▶ _WHAT IS EXPECTED_: Leave the pictures out and restate every line below exactly.

▶ _PROVIDED MATERIAL_:
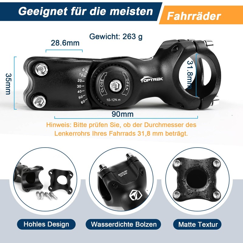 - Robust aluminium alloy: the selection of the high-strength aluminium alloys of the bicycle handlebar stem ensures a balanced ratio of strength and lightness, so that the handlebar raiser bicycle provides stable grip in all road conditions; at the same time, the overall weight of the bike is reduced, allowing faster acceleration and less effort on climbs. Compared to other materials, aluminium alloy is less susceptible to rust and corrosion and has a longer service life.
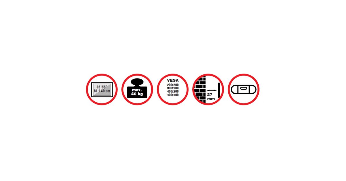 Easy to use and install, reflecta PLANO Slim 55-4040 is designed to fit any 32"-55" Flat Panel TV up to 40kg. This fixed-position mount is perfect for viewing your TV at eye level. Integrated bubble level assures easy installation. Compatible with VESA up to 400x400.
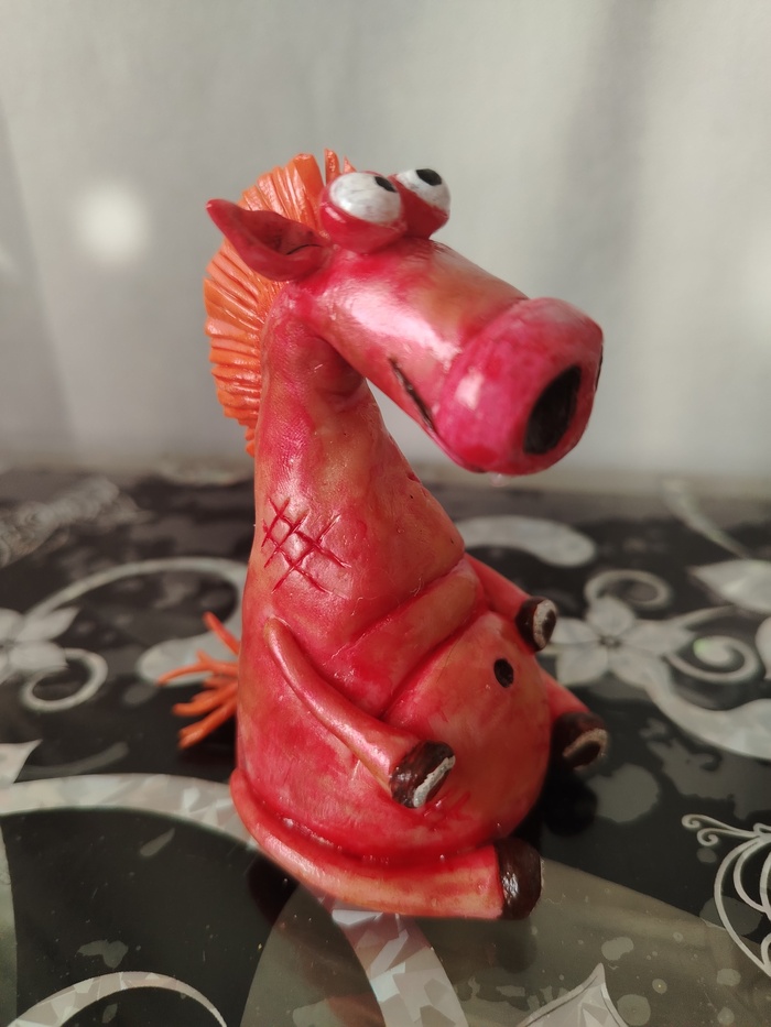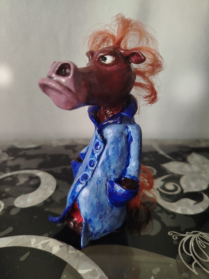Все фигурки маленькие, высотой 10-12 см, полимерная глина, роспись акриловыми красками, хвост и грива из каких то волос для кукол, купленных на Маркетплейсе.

▶ _OUTPUT FOR THIS EXERCISE_:
 - Robust aluminium alloy: the selection of the high-strength aluminium alloys of the bicycle handlebar stem ensures a balanced ratio of strength and lightness, so that the handlebar raiser bicycle provides stable grip in all road conditions; at the same time, the overall weight of the bike is reduced, allowing faster acceleration and less effort on climbs. Compared to other materials, aluminium alloy is less susceptible to rust and corrosion and has a longer service life.
 Easy to use and install, reflecta PLANO Slim 55-4040 is designed to fit any 32"-55" Flat Panel TV up to 40kg. This fixed-position mount is perfect for viewing your TV at eye level. Integrated bubble level assures easy installation. Compatible with VESA up to 400x400.
Все фигурки маленькие, высотой 10-12 см, полимерная глина, роспись акриловыми красками, хвост и грива из каких то волос для кукол, купленных на Маркетплейсе.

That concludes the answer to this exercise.